We study the Isomorphism Conjecture proposed by Berman and Hartmanis.
It states that all sets complete for NP under polynomial-time many-one
reductions are P-isomorphic to each other. From previous research
it has been widely believed that all NP-complete sets are reducible
each other by one-to-one and length-increasing polynomial-time
reductions, but we may not hope for the full p-isomorphism due to the
existence of one-way functions. Here we showed two results on the
relation between one-way functions and the Isomorphism Conjecture.
Firstly, we imporve the result of Agrawal [Agrawal, CCC'02] to show
that if regular one-way functions exist, then all NP-complete sets are
indeed reducible each other by one-to-one, length-increasing and
P/poly-reductions. A consequence of this result is the complete
description of the structure of many-one complete sets of NP relative
to a random oracle: all NP-complete sets are reducible each other
by one-one and length-increasing polynomial-time reductions but
(as already shown by [Kurtz etal, JACM 95]) they are not P-isomorphic.
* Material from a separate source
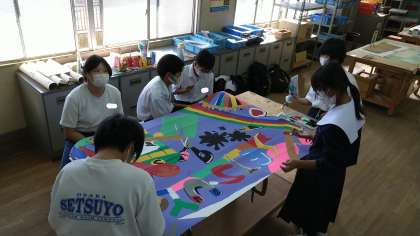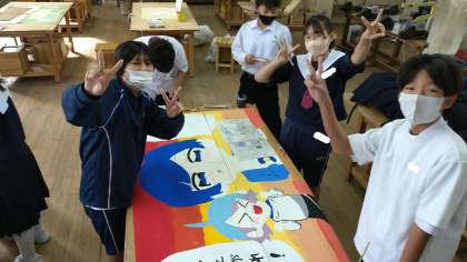 1年生・階段アート作成風景

Neverthless, we also conjecture that (different from the random oracle
world) all one-way functions should have some dense easy parts, which
we call P/poly-easy cylinders, where they are P/poly-invertible.
Then as our second result we show that if regular one-way functions
exist and furthermore all one-one, length-increasing and
P/poly-computable functions have P/poly-easy cylinders, then all
many-one complete sets for NP are P/poly-isomorphic.